What is expected =
Only the lines from the start of the data through the line containing "GV70의 실내는 운전자에게" should be written out, exactly as they are, with both ends included and the pictures left out.

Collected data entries
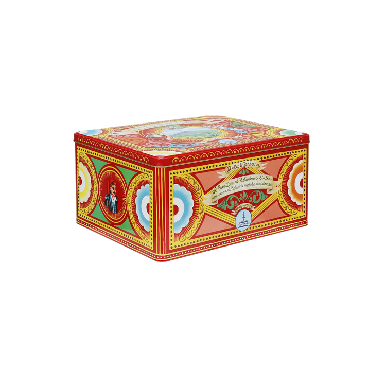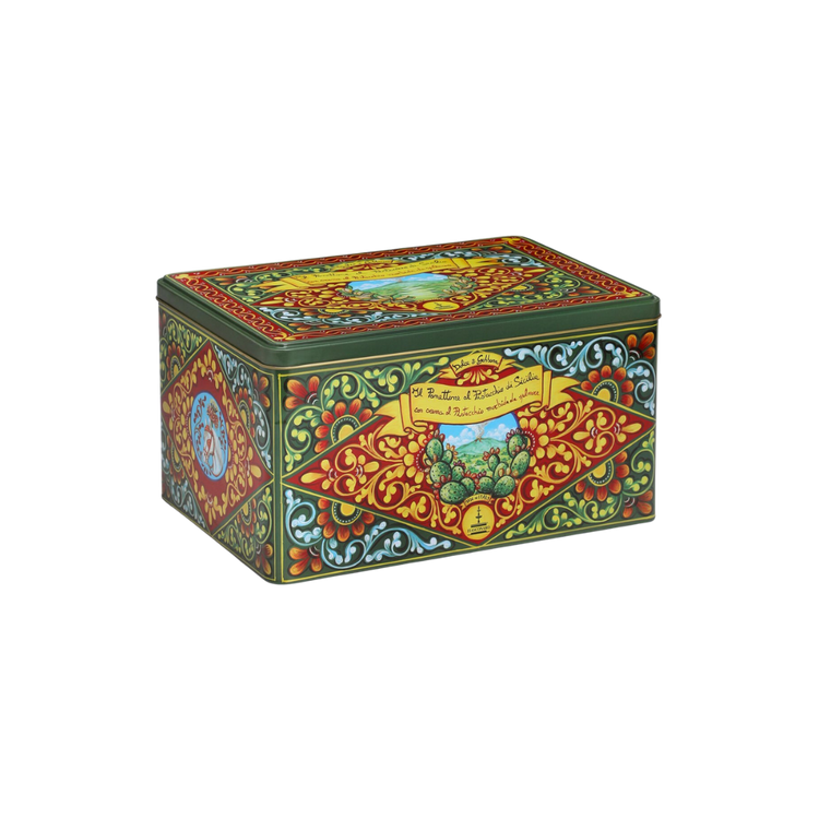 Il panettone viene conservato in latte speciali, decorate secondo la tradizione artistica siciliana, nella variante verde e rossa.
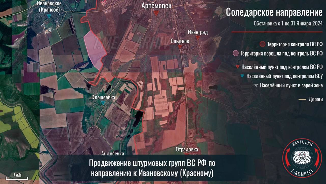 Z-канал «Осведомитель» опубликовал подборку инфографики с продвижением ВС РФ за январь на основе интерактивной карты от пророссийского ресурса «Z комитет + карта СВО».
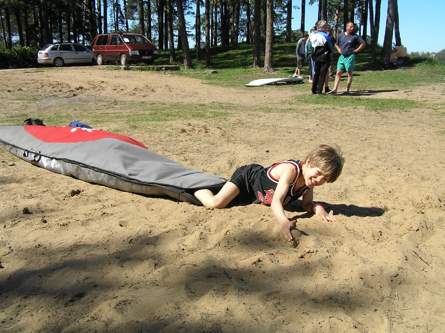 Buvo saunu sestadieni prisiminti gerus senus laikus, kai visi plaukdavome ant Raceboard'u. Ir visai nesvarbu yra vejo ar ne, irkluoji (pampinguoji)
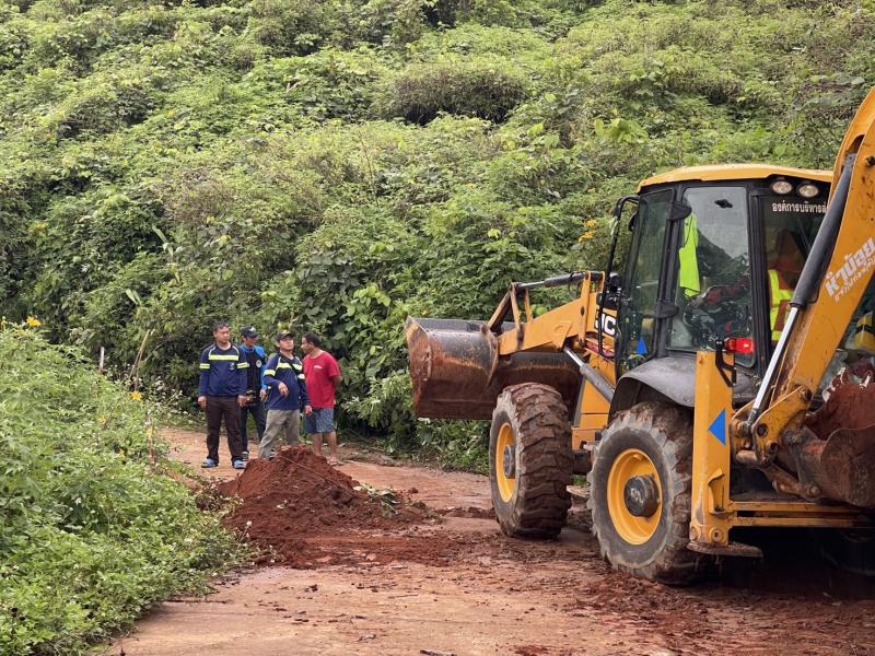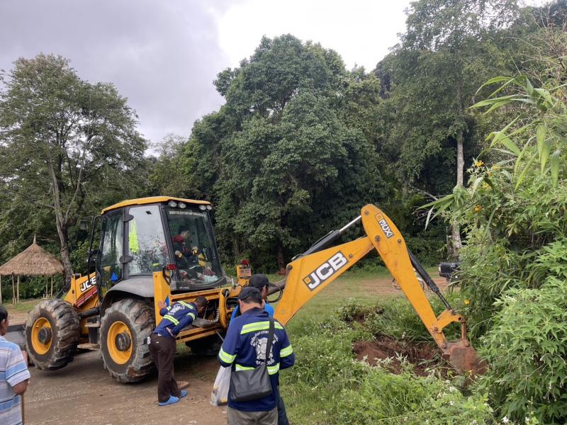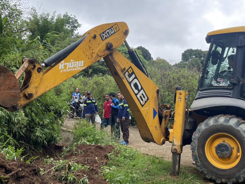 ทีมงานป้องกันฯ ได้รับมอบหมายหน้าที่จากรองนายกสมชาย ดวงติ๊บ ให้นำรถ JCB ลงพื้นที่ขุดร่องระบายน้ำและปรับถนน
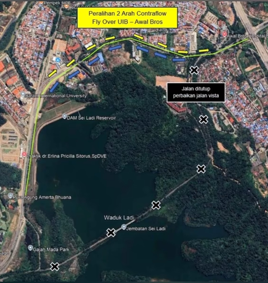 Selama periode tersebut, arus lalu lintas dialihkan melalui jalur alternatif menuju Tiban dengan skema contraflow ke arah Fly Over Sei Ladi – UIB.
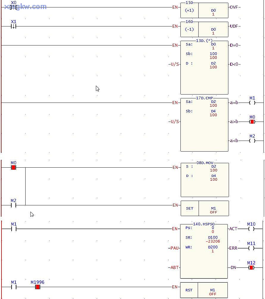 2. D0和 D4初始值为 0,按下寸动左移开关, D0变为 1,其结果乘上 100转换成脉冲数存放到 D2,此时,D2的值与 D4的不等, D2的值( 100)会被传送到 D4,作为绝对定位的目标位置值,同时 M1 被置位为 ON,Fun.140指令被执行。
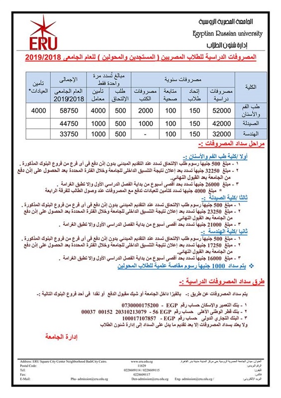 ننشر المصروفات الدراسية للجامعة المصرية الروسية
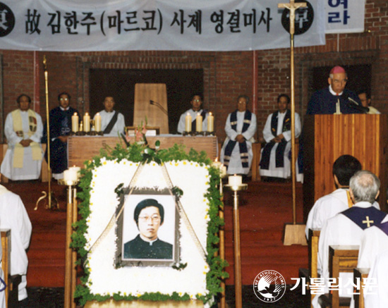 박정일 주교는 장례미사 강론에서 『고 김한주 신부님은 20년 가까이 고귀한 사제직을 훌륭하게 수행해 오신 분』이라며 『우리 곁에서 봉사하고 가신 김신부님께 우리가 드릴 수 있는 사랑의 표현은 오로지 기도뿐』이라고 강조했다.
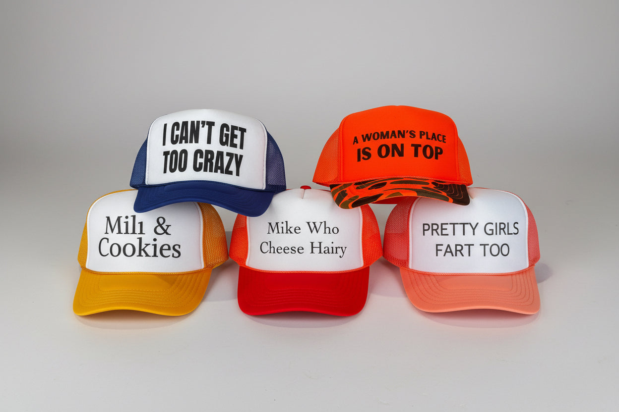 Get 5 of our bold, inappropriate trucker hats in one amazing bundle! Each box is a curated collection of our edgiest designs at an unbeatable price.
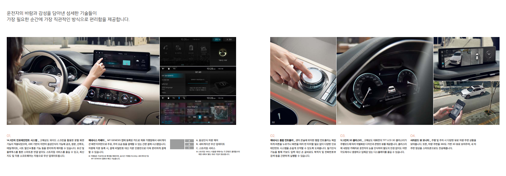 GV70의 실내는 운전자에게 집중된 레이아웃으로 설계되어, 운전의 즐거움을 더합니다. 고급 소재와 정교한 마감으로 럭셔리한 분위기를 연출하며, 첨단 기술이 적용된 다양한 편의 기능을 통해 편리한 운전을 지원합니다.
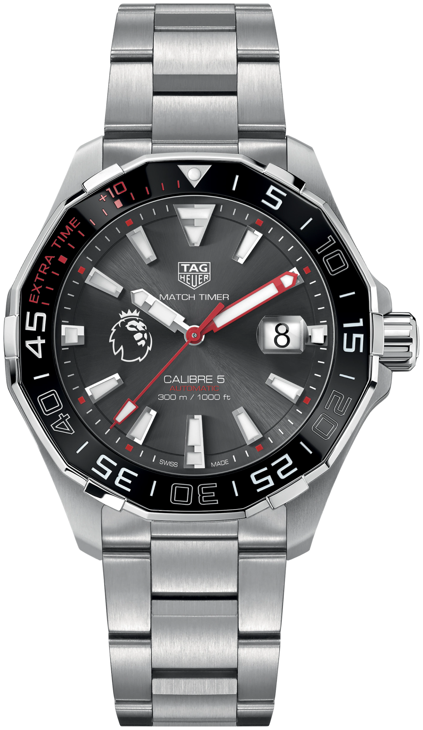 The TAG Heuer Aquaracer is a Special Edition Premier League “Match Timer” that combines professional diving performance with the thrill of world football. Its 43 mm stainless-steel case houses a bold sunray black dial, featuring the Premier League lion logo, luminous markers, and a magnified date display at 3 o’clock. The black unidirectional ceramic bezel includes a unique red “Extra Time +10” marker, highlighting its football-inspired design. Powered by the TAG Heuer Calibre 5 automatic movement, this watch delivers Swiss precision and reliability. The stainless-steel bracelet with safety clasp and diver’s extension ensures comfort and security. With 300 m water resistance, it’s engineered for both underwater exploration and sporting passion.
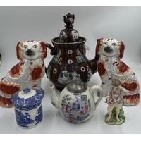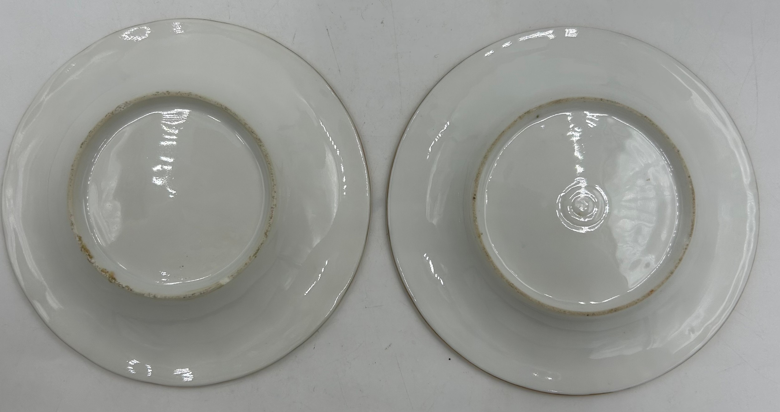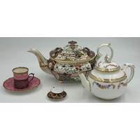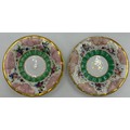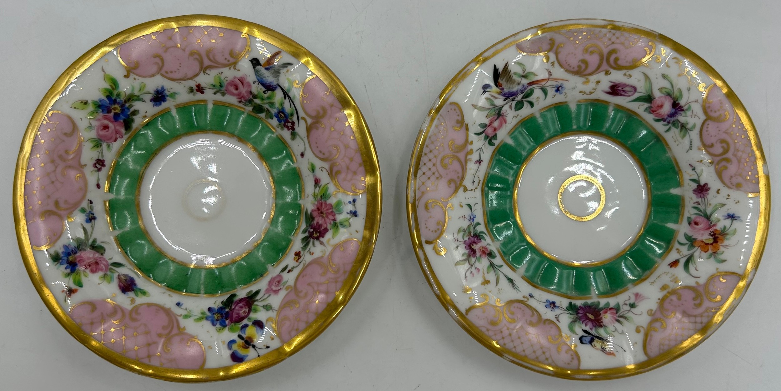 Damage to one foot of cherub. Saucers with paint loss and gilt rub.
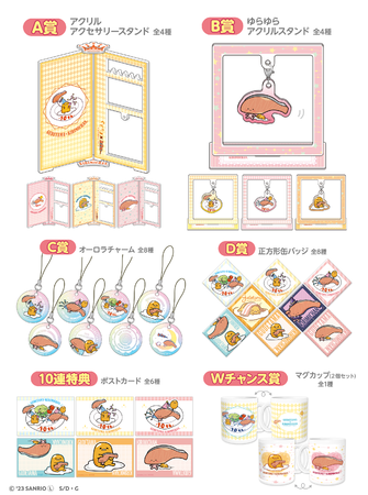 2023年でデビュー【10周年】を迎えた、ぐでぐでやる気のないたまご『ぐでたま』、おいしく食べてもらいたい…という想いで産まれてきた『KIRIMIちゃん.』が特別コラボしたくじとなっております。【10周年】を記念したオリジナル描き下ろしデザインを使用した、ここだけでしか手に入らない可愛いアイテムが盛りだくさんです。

Output =
 Il panettone viene conservato in latte speciali, decorate secondo la tradizione artistica siciliana, nella variante verde e rossa.
 Z-канал «Осведомитель» опубликовал подборку инфографики с продвижением ВС РФ за январь на основе интерактивной карты от пророссийского ресурса «Z комитет + карта СВО».
 Buvo saunu sestadieni prisiminti gerus senus laikus, kai visi plaukdavome ant Raceboard'u. Ir visai nesvarbu yra vejo ar ne, irkluoji (pampinguoji)
 ทีมงานป้องกันฯ ได้รับมอบหมายหน้าที่จากรองนายกสมชาย ดวงติ๊บ ให้นำรถ JCB ลงพื้นที่ขุดร่องระบายน้ำและปรับถนน
 Selama periode tersebut, arus lalu lintas dialihkan melalui jalur alternatif menuju Tiban dengan skema contraflow ke arah Fly Over Sei Ladi – UIB.
 2. D0和 D4初始值为 0,按下寸动左移开关, D0变为 1,其结果乘上 100转换成脉冲数存放到 D2,此时,D2的值与 D4的不等, D2的值( 100)会被传送到 D4,作为绝对定位的目标位置值,同时 M1 被置位为 ON,Fun.140指令被执行。
 ننشر المصروفات الدراسية للجامعة المصرية الروسية
 박정일 주교는 장례미사 강론에서 『고 김한주 신부님은 20년 가까이 고귀한 사제직을 훌륭하게 수행해 오신 분』이라며 『우리 곁에서 봉사하고 가신 김신부님께 우리가 드릴 수 있는 사랑의 표현은 오로지 기도뿐』이라고 강조했다.
 Get 5 of our bold, inappropriate trucker hats in one amazing bundle! Each box is a curated collection of our edgiest designs at an unbeatable price.
 GV70의 실내는 운전자에게 집중된 레이아웃으로 설계되어, 운전의 즐거움을 더합니다. 고급 소재와 정교한 마감으로 럭셔리한 분위기를 연출하며, 첨단 기술이 적용된 다양한 편의 기능을 통해 편리한 운전을 지원합니다.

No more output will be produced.